Patients rightly pose difficult questions, and we often wonder too. If you have never seen a horrible complication from a particular drug or intervention how likely is it to happen? A short and illuminating paper from Germany may be very helpful [1] - as the authors say "experience and Murphy's law teach us that catastrophes do happen, and their probability can in fact be calculated by a simple rule of thumb."

The authors use a 1983 paper by a Canadian statistician called Hanley as the basis of their argument - Hanley's original paper was called "If nothing goes wrong is everything alright?". Hanley's formula was that if none of 100 patients exposed had a serious problem which concerned us then we can be 95% confident that the chance of this problem occurring is at most 3 in 100 (3/n).

Eyspasch et al use the information on intraoperative death from vascular injury during laparoscopic appendectomy and cholecystectomy to develop the argument further.

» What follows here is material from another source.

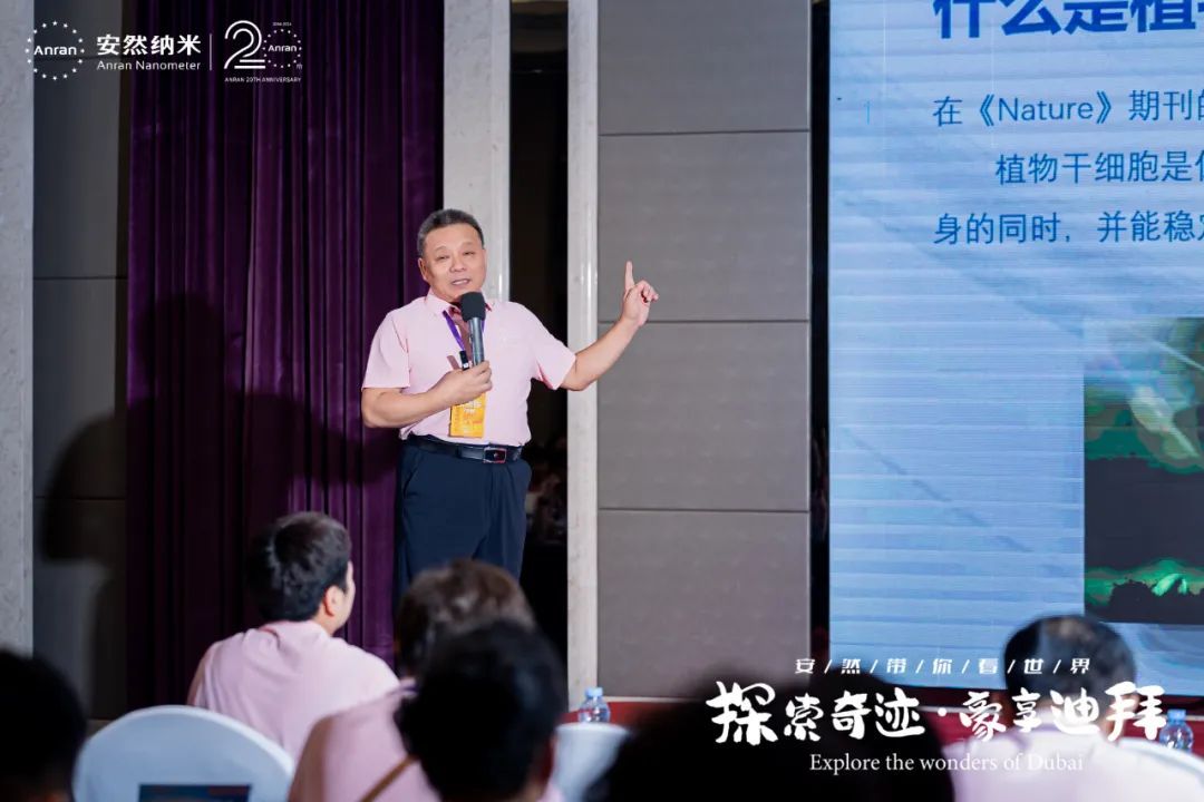 集团副总裁兼安然纳米技术顾问张明臣先生为大家带来《植物干细胞产业价值远景》,从世界发展趋势出发,向伙伴们分享目前安然植物干细胞技术取得的突破进展和未来广阔的发展前景。

No such deaths have been reported in 842 appendectomies and 8192 cholecystectomies. The upper limit of the 95% confidence interval for this disaster (rule of 3) is then about 3/1000 and 3/10000 respectively.

Just because we haven't seen anything terrible happen does not mean that it will not happen. The rule of three allows us to be a little more precise about the chance of it happening.


  1. E Eypasch, R Lefering, CK Kum, H Troidl. Probability of adverse events that have not yet occurred: a statistical reminder. British Medical Journal 1995 311: 619-20.